Everything in the listing should be set down exactly, apart from the pictures.

**The data:**
────

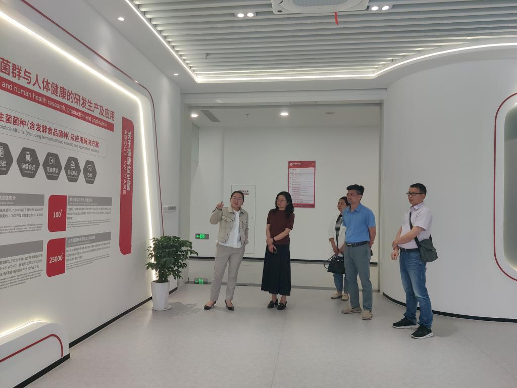 微康益生菌(苏州)股份有限公司市场总监方端首先对徐晓云一行的到来表示欢迎,他表示伟德食科院为微康集团输送了大量优秀毕业生,从公司员工到公司的领导层都有华农的毕业生。方端首先带领徐晓云一行参观了微康益生菌(苏州)股份有限公司的展示大厅,并介绍了微康目前的发展情况,她说到,微康是一家专业专注益生菌菌种、发酵食品菌种、有益微生物菌群与人体健康的研发生产及应用的国家级高新技术企业,为食品、乳制品、保健食品、精准医学、日化用品、农业微生态等领域提供高活性益生菌菌粉、发酵食品菌种、益生菌产品及应用解决方案。公司具有雄厚的研发实力和科研背景,拥有专业的益生菌研究院,设有院士工作站和博士后科研工作站。公司已获得国家高新技术企业、国家绿色工厂、国家专精特新小巨人、江苏省科技小巨人、江苏省双创人才企业、苏州市姑苏人才企业、苏州市独角兽培育企业和苏州市瞪羚企业等多项荣誉认定,产品“高活性乳双歧杆菌”和“高活性嗜酸乳杆菌”等获得国家高新技术产品称号,申报发明专利160多项,承担“十三五国家重点研发计划”4项。
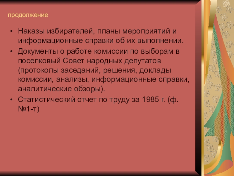 Наказы избирателей, планы мероприятий и информационные справки об их выполнении.
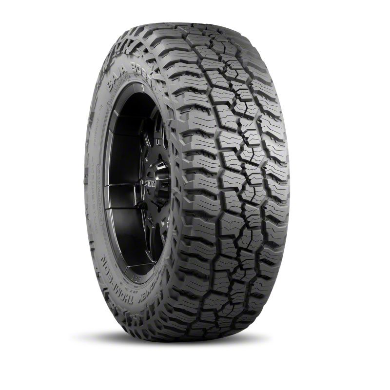 The Baja Boss A/T delivers premium on-road handling, performance, and tread wear while also dominating in the mud and snow thanks to its pioneering asymmetric tread design, silica-reinforced compound, extreme Sidebiters and revolutionary PowerPly XD 3-ply construction LT sizes only. Featuring a 50,000-mile treadwear warranty and 3PMS designation, it's Mickey Thompson's most innovative hybrid A/T to date - aggressive looks, low noise, long-lasting tread, and smooth ride. 3PMS Symbol certifies that all sizes 12.50 (315) and narrower are severe snow rated.
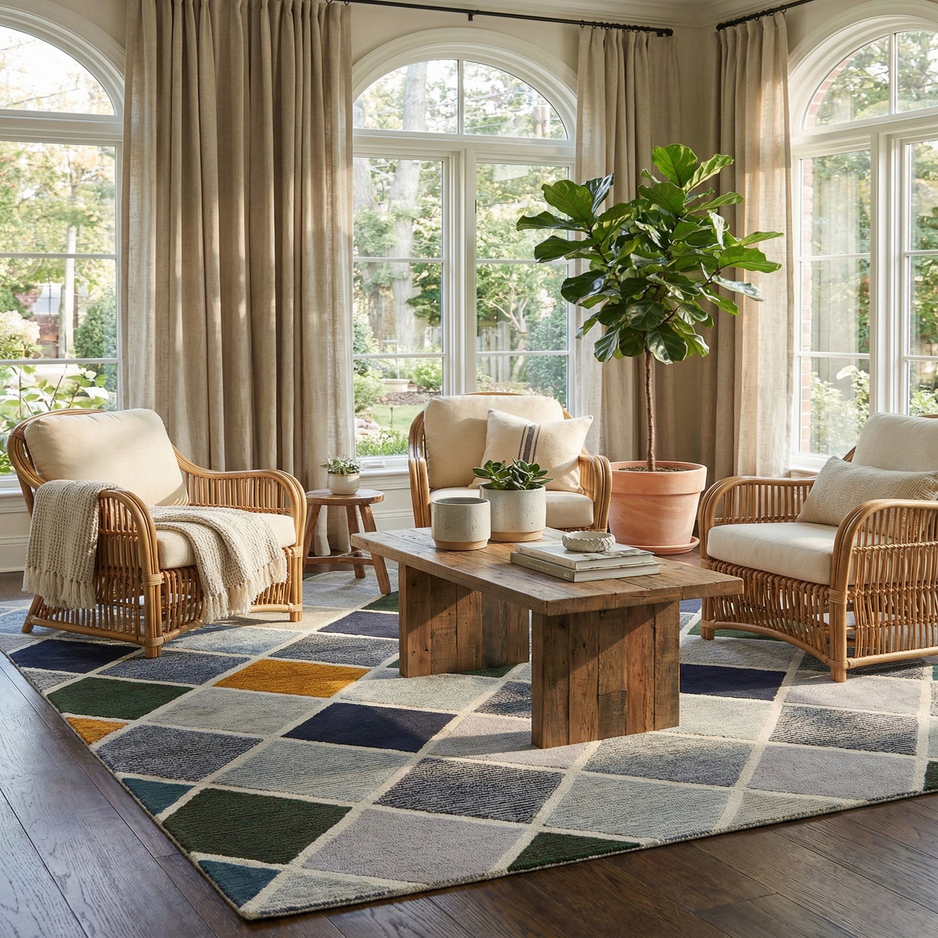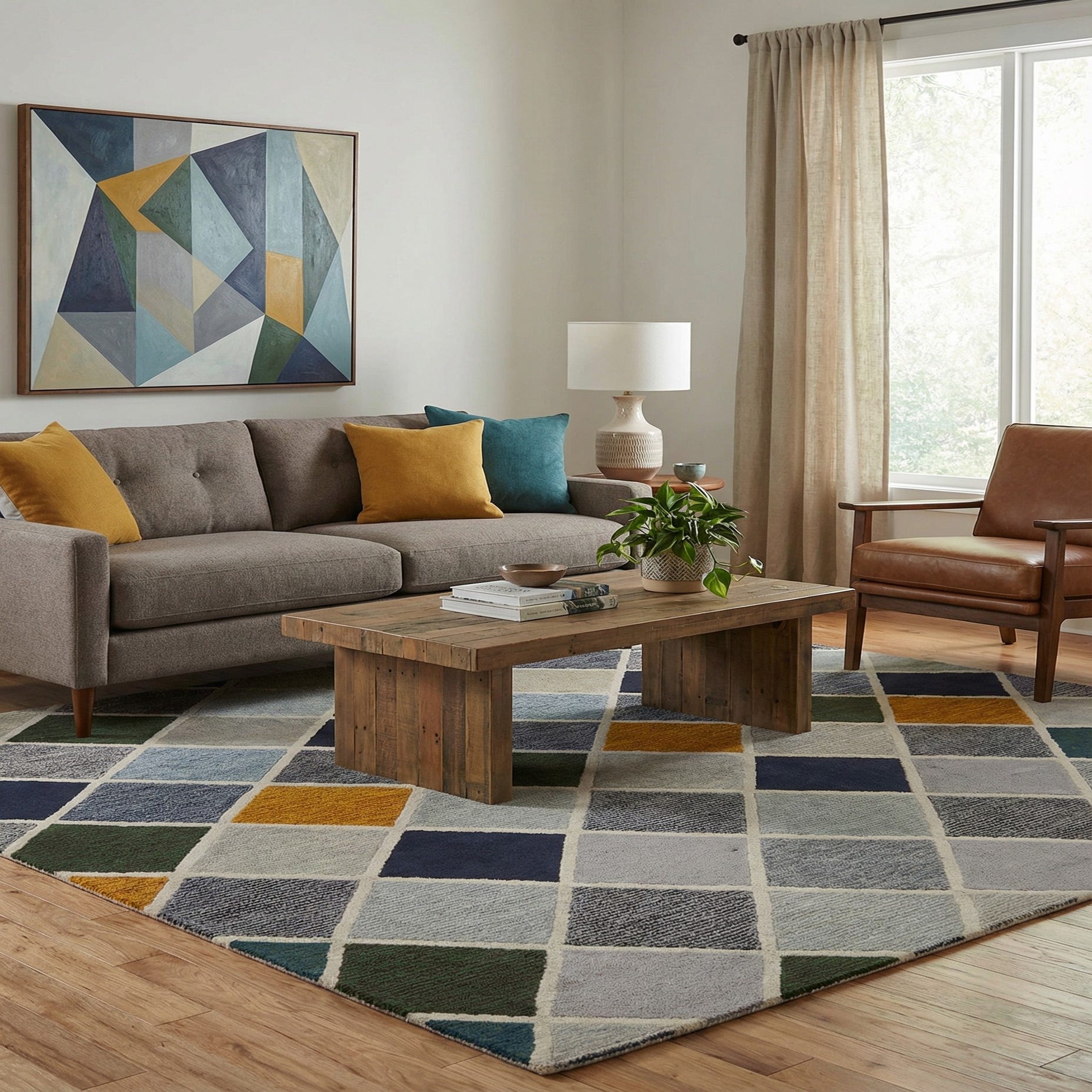 Primary color is Multi. Colors in this rug include: Multi, Black, Blue, Gray, Hunter Green, Ivory, Navy Blue, Rust Red, Yellow, Light Blue.

────

**Written solution:**
 微康益生菌(苏州)股份有限公司市场总监方端首先对徐晓云一行的到来表示欢迎,他表示伟德食科院为微康集团输送了大量优秀毕业生,从公司员工到公司的领导层都有华农的毕业生。方端首先带领徐晓云一行参观了微康益生菌(苏州)股份有限公司的展示大厅,并介绍了微康目前的发展情况,她说到,微康是一家专业专注益生菌菌种、发酵食品菌种、有益微生物菌群与人体健康的研发生产及应用的国家级高新技术企业,为食品、乳制品、保健食品、精准医学、日化用品、农业微生态等领域提供高活性益生菌菌粉、发酵食品菌种、益生菌产品及应用解决方案。公司具有雄厚的研发实力和科研背景,拥有专业的益生菌研究院,设有院士工作站和博士后科研工作站。公司已获得国家高新技术企业、国家绿色工厂、国家专精特新小巨人、江苏省科技小巨人、江苏省双创人才企业、苏州市姑苏人才企业、苏州市独角兽培育企业和苏州市瞪羚企业等多项荣誉认定,产品“高活性乳双歧杆菌”和“高活性嗜酸乳杆菌”等获得国家高新技术产品称号,申报发明专利160多项,承担“十三五国家重点研发计划”4项。
 Наказы избирателей, планы мероприятий и информационные справки об их выполнении.
 The Baja Boss A/T delivers premium on-road handling, performance, and tread wear while also dominating in the mud and snow thanks to its pioneering asymmetric tread design, silica-reinforced compound, extreme Sidebiters and revolutionary PowerPly XD 3-ply construction LT sizes only. Featuring a 50,000-mile treadwear warranty and 3PMS designation, it's Mickey Thompson's most innovative hybrid A/T to date - aggressive looks, low noise, long-lasting tread, and smooth ride. 3PMS Symbol certifies that all sizes 12.50 (315) and narrower are severe snow rated.
 Primary color is Multi. Colors in this rug include: Multi, Black, Blue, Gray, Hunter Green, Ivory, Navy Blue, Rust Red, Yellow, Light Blue.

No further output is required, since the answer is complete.